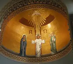 The parish was established in 1886. Prior to the formation of St. Monica, the nearest Catholic church was at Olvera Street in Downtown Los Angeles.[2] The current church opened for Christmas in 1925. At the time, the Los Angeles Times reported: "The opening of St. Monica's Church, ranked in the cathedral class and probably the finest Catholic Church of its kind on the Pacific Coast, will be celebrated with solemn high mass at 5 o'clock Christmas morning. For the first time the interior splendors of this remarkably beautiful and dignified religious edifice will be revealed to St. Monica' parish, and many out-of-town visitors are expected."[3] The church was not officially dedicated until July 1926, at which time the Los Angeles Times reported: "A crowd numbering many thousands surrounded the handsome limestone structure on California avenue and Seventh street, the overflow standing under the towering eucalipti of the city park opposite the church. ... Strains from the great pipe organ of St. Monica's floated to the overflow crowd outside to give at least a hint of the sacred services within."[4]
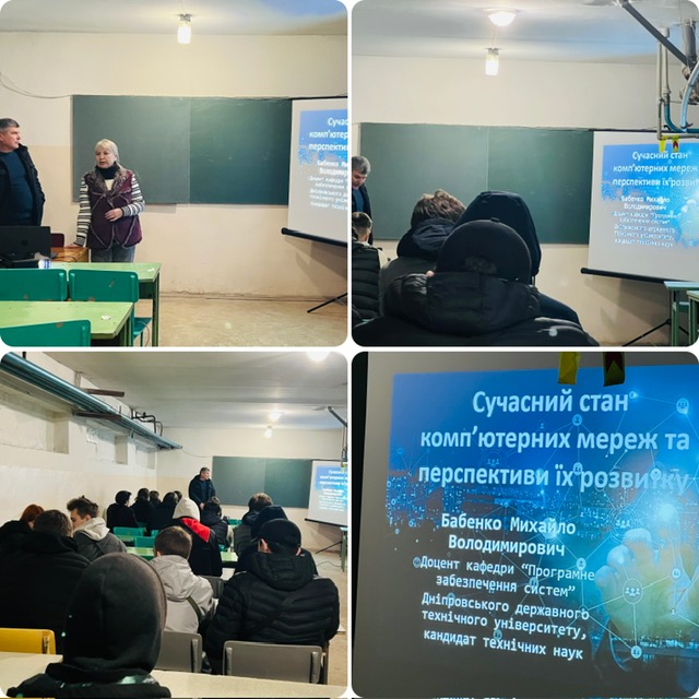 17.03.2026 для здобувачів освіти 2-4 курсів спеціальностей 121 ( F2) Інженерія програмного забезпечення та 113 Прикладна математика відбулася цікава та пізнавальна гостьова лекція з дисципліни «Організація комп’ютерних мереж», яку провів викладач Дніпровського державного технічного університету доцент кафедри "Програмного забезпечення систем" доцент, кандидат технічних наук Бабенко Михайло Володимирович.
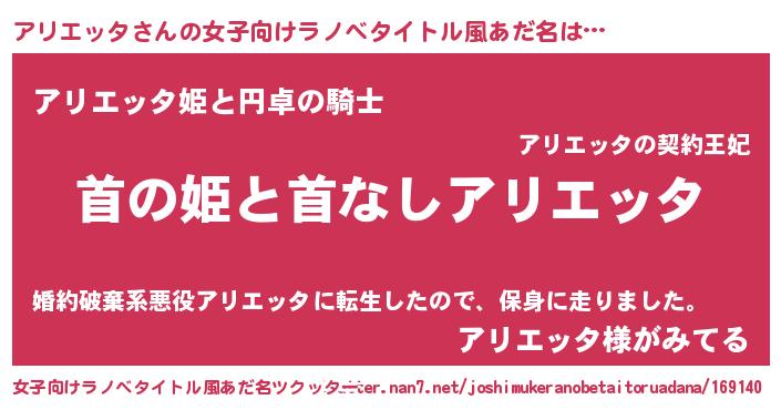 | 男性向けラノベタイトル風あだ名 | 『はたらくアリエッタさま!』 |
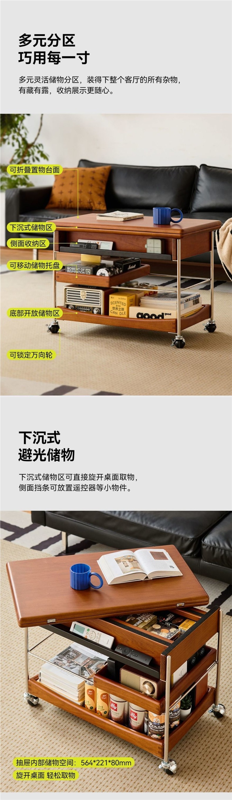 Кофейный столик из массива дерева для гостиной, винтажный стиль, для малогабаритных квартир, переносной складной кофейный столик, боковой столик для дивана, Kunwei
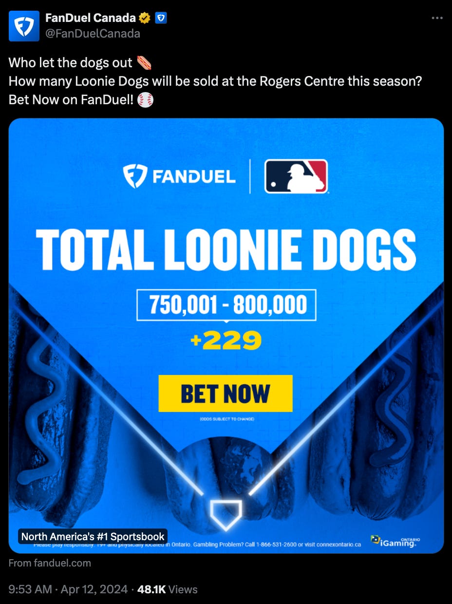 +229? Okay, should we be betting on the amount of hot dogs during the Blue Jays Loonie Dog Nights this season? And it’s crazy that on Tuesday 31,175 fans ate 59,831 hotdogs - a 1.92 per fan clip. And why not. As one Xer noted, “man Ippei would’ve loved it here.” Meanwhile, if you think betting is everywhere, Business Insider hit the world with a big piece titled, “The big new way to get rich.”

- [Problem to solve] Every entry should be written out word for word, except for its pictures.

- [Solution to this problem]
 The parish was established in 1886. Prior to the formation of St. Monica, the nearest Catholic church was at Olvera Street in Downtown Los Angeles.[2] The current church opened for Christmas in 1925. At the time, the Los Angeles Times reported: "The opening of St. Monica's Church, ranked in the cathedral class and probably the finest Catholic Church of its kind on the Pacific Coast, will be celebrated with solemn high mass at 5 o'clock Christmas morning. For the first time the interior splendors of this remarkably beautiful and dignified religious edifice will be revealed to St. Monica' parish, and many out-of-town visitors are expected."[3] The church was not officially dedicated until July 1926, at which time the Los Angeles Times reported: "A crowd numbering many thousands surrounded the handsome limestone structure on California avenue and Seventh street, the overflow standing under the towering eucalipti of the city park opposite the church. ... Strains from the great pipe organ of St. Monica's floated to the overflow crowd outside to give at least a hint of the sacred services within."[4]
 17.03.2026 для здобувачів освіти 2-4 курсів спеціальностей 121 ( F2) Інженерія програмного забезпечення та 113 Прикладна математика відбулася цікава та пізнавальна гостьова лекція з дисципліни «Організація комп’ютерних мереж», яку провів викладач Дніпровського державного технічного університету доцент кафедри "Програмного забезпечення систем" доцент, кандидат технічних наук Бабенко Михайло Володимирович.
 | 男性向けラノベタイトル風あだ名 | 『はたらくアリエッタさま!』 |
 Кофейный столик из массива дерева для гостиной, винтажный стиль, для малогабаритных квартир, переносной складной кофейный столик, боковой столик для дивана, Kunwei
 +229? Okay, should we be betting on the amount of hot dogs during the Blue Jays Loonie Dog Nights this season? And it’s crazy that on Tuesday 31,175 fans ate 59,831 hotdogs - a 1.92 per fan clip. And why not. As one Xer noted, “man Ippei would’ve loved it here.” Meanwhile, if you think betting is everywhere, Business Insider hit the world with a big piece titled, “The big new way to get rich.”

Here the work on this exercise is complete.